··· Dataset section
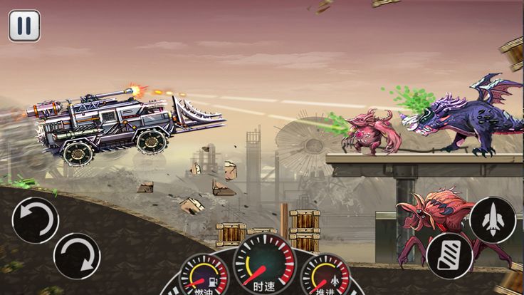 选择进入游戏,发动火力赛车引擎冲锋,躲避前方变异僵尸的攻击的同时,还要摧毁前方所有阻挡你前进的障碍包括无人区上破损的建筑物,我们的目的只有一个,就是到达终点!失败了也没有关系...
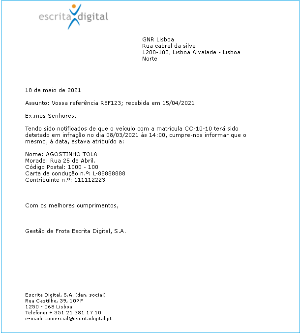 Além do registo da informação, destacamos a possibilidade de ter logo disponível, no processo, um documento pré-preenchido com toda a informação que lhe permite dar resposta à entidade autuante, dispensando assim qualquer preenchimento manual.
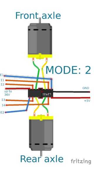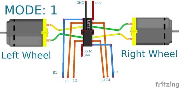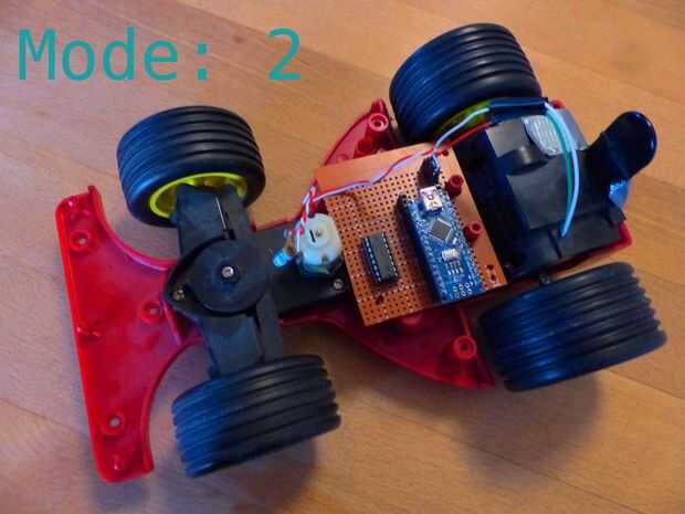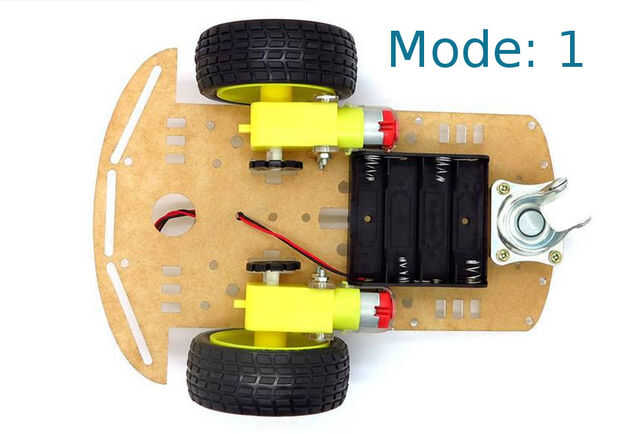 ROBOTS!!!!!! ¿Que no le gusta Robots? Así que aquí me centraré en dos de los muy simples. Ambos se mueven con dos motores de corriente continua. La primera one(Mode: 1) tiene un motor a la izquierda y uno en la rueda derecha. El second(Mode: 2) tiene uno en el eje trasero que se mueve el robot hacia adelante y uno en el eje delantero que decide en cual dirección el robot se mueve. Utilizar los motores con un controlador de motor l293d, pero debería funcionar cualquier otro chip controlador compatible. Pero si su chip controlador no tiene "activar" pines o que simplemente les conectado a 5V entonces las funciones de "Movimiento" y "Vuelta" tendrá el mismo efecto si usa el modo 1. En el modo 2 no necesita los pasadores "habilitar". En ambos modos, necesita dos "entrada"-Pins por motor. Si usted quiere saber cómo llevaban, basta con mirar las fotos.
······
Directions for this task — Give the data again word for word, without images.

Result of the task —
 选择进入游戏,发动火力赛车引擎冲锋,躲避前方变异僵尸的攻击的同时,还要摧毁前方所有阻挡你前进的障碍包括无人区上破损的建筑物,我们的目的只有一个,就是到达终点!失败了也没有关系...
 Além do registo da informação, destacamos a possibilidade de ter logo disponível, no processo, um documento pré-preenchido com toda a informação que lhe permite dar resposta à entidade autuante, dispensando assim qualquer preenchimento manual.
 ROBOTS!!!!!! ¿Que no le gusta Robots? Así que aquí me centraré en dos de los muy simples. Ambos se mueven con dos motores de corriente continua. La primera one(Mode: 1) tiene un motor a la izquierda y uno en la rueda derecha. El second(Mode: 2) tiene uno en el eje trasero que se mueve el robot hacia adelante y uno en el eje delantero que decide en cual dirección el robot se mueve. Utilizar los motores con un controlador de motor l293d, pero debería funcionar cualquier otro chip controlador compatible. Pero si su chip controlador no tiene "activar" pines o que simplemente les conectado a 5V entonces las funciones de "Movimiento" y "Vuelta" tendrá el mismo efecto si usa el modo 1. En el modo 2 no necesita los pasadores "habilitar". En ambos modos, necesita dos "entrada"-Pins por motor. Si usted quiere saber cómo llevaban, basta con mirar las fotos.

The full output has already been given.